**Work task**
For the entries that follow, produce an exact copy with no pictures in it.

**Study material**
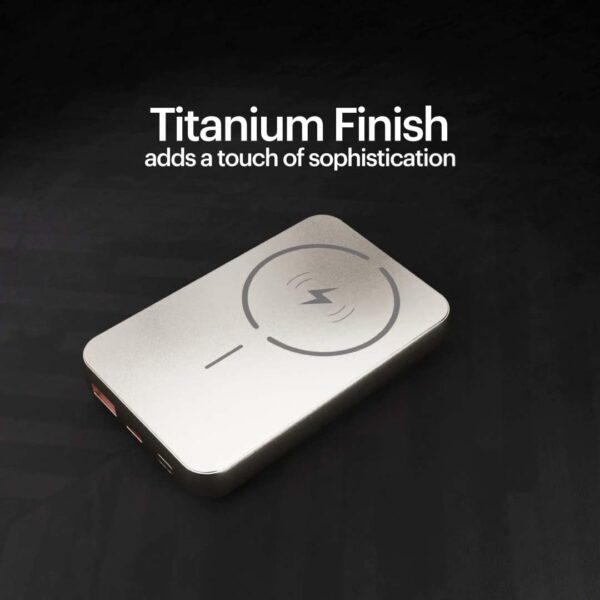 Stuffcool Click 10000mAh Slim Magnetic Wireless Powerbank Natural Titanium Finish Perfect for iPhone 16,15,14,13,12 with Led Display and 20W Fast Wired Charging – Charges iPhone 50% in 30 mins
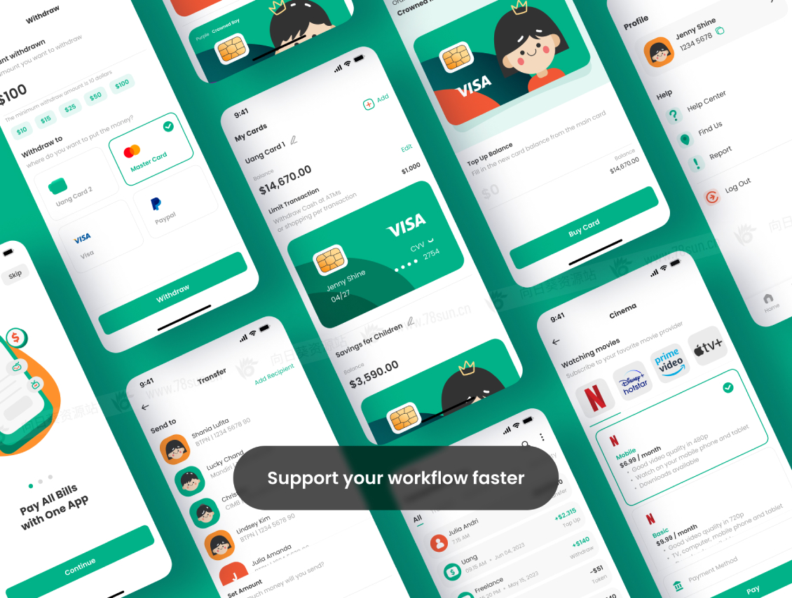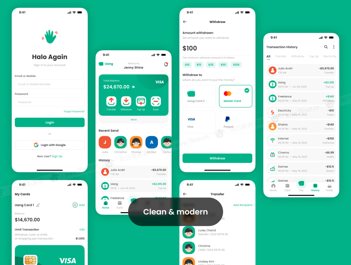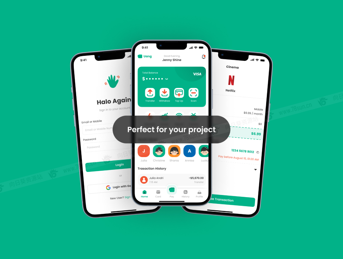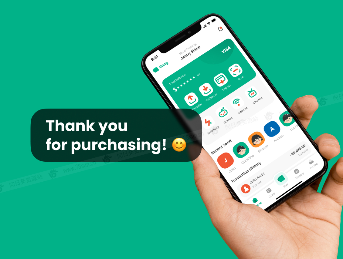 Uang是一款简洁现代的手机银行应用,100+高品质屏幕设计,易于Figma使用,Uang工具包经过精心设计并按功能分组,使您可以轻松地自定义它们以满足您的需求
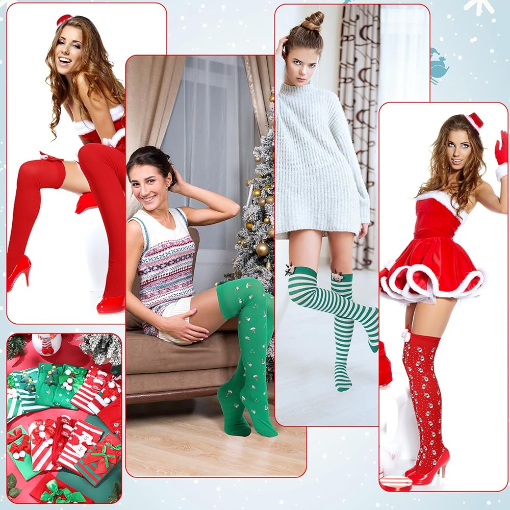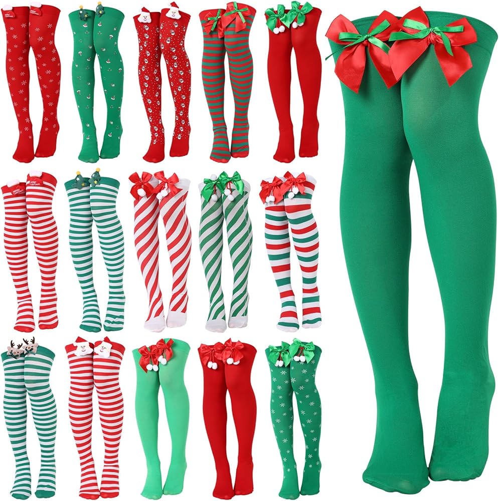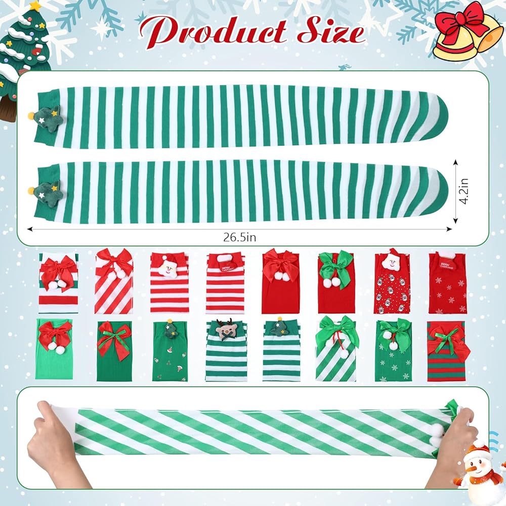 16 زوجًا من الجوارب الطويلة حتى الفخذ للكريسماس للنساء من واي اف اكس كيو واي اف اس اتش هذه الجوارب عالية الفخذ مصنوعة من قماش ناعم ومريح، قابلة للتمدد وجيدة التهوية، مقاس واحد يناسب معظم النساء والفتيات.
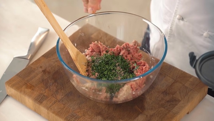 Добавить к фаршу мелко нарезанную петрушку, перец соль, немного растительного масла, воды, перемешать. -
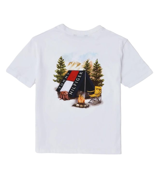 TOMMY HILFIGER Kids White Cotton Relaxed Fit Printed T-Shirt
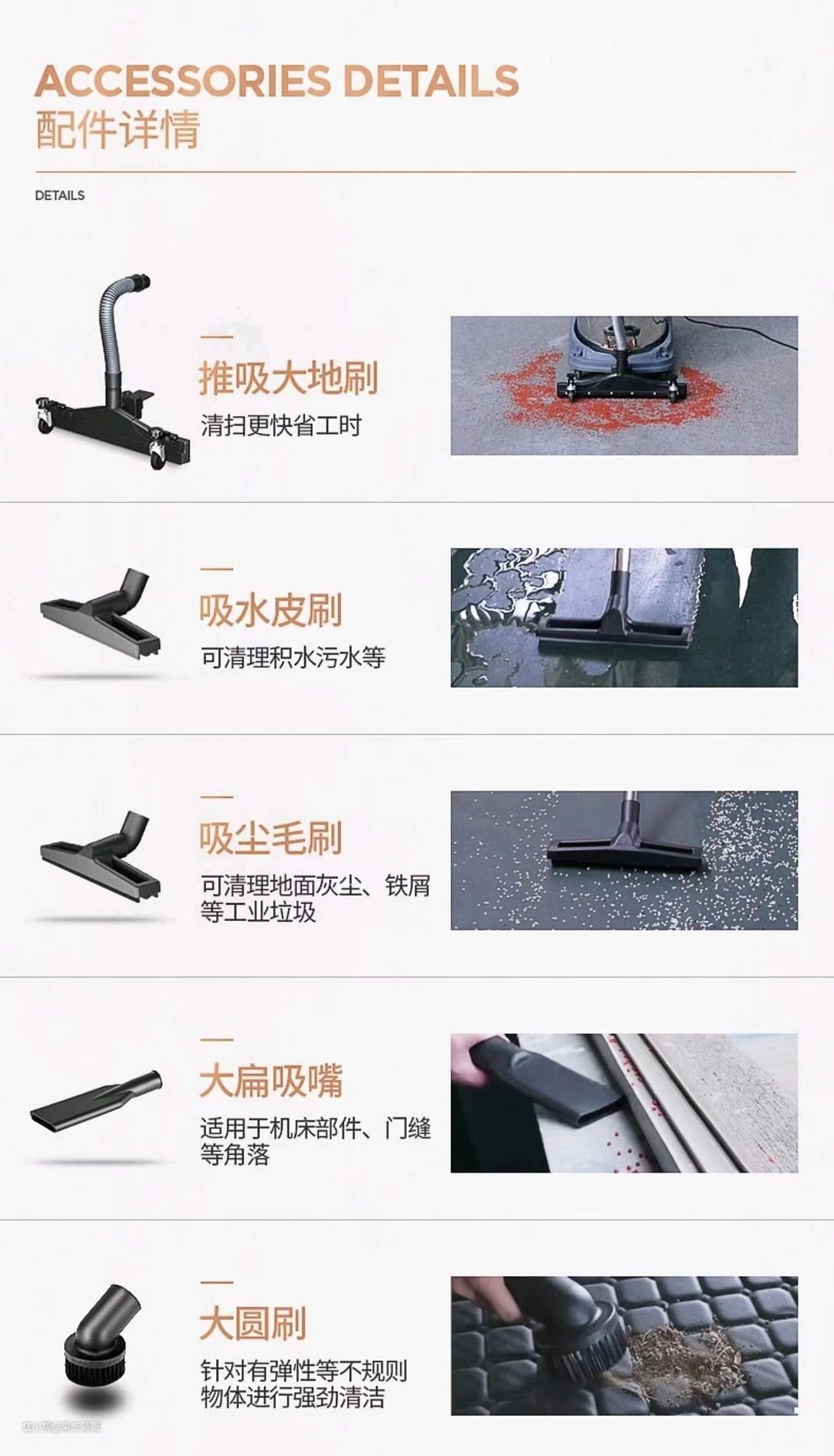 - 干湿两用:干用轻松吸走铁屑和木屑瓜壳等干性物体;湿用清理残汁脏水等液体
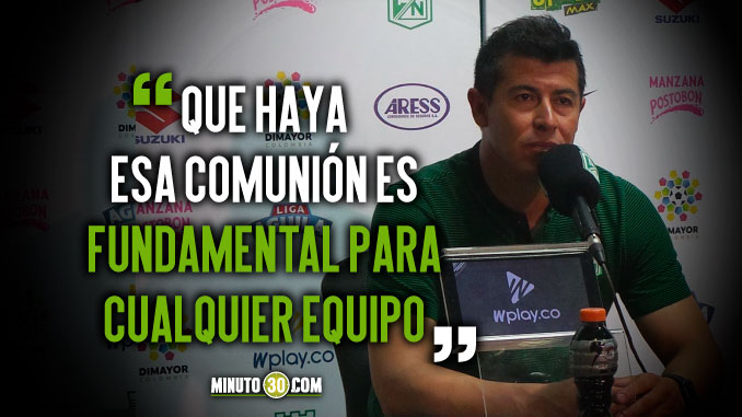 El entrenador considera que “esa comunión es fundamental para cualquier equipo” y lo será de nuevo el próximo jueves, cuando el conjunto ‘Verdolaga’ recibirá a Colo Colo, en el cierre de la fase de grupos de la Copa Libertadores.
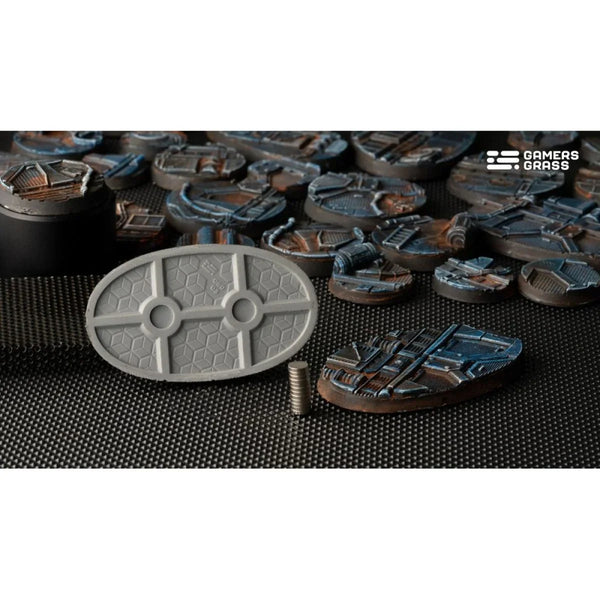 • This blister contains 4 thermoplastic 60mm wide oval Battle Ready Base, in a Spaceship Corridor theme.

**Solved problem**
 Stuffcool Click 10000mAh Slim Magnetic Wireless Powerbank Natural Titanium Finish Perfect for iPhone 16,15,14,13,12 with Led Display and 20W Fast Wired Charging – Charges iPhone 50% in 30 mins
 Uang是一款简洁现代的手机银行应用,100+高品质屏幕设计,易于Figma使用,Uang工具包经过精心设计并按功能分组,使您可以轻松地自定义它们以满足您的需求
 16 زوجًا من الجوارب الطويلة حتى الفخذ للكريسماس للنساء من واي اف اكس كيو واي اف اس اتش هذه الجوارب عالية الفخذ مصنوعة من قماش ناعم ومريح، قابلة للتمدد وجيدة التهوية، مقاس واحد يناسب معظم النساء والفتيات.
 Добавить к фаршу мелко нарезанную петрушку, перец соль, немного растительного масла, воды, перемешать. -
 TOMMY HILFIGER Kids White Cotton Relaxed Fit Printed T-Shirt
 - 干湿两用:干用轻松吸走铁屑和木屑瓜壳等干性物体;湿用清理残汁脏水等液体
 El entrenador considera que “esa comunión es fundamental para cualquier equipo” y lo será de nuevo el próximo jueves, cuando el conjunto ‘Verdolaga’ recibirá a Colo Colo, en el cierre de la fase de grupos de la Copa Libertadores.
 • This blister contains 4 thermoplastic 60mm wide oval Battle Ready Base, in a Spaceship Corridor theme.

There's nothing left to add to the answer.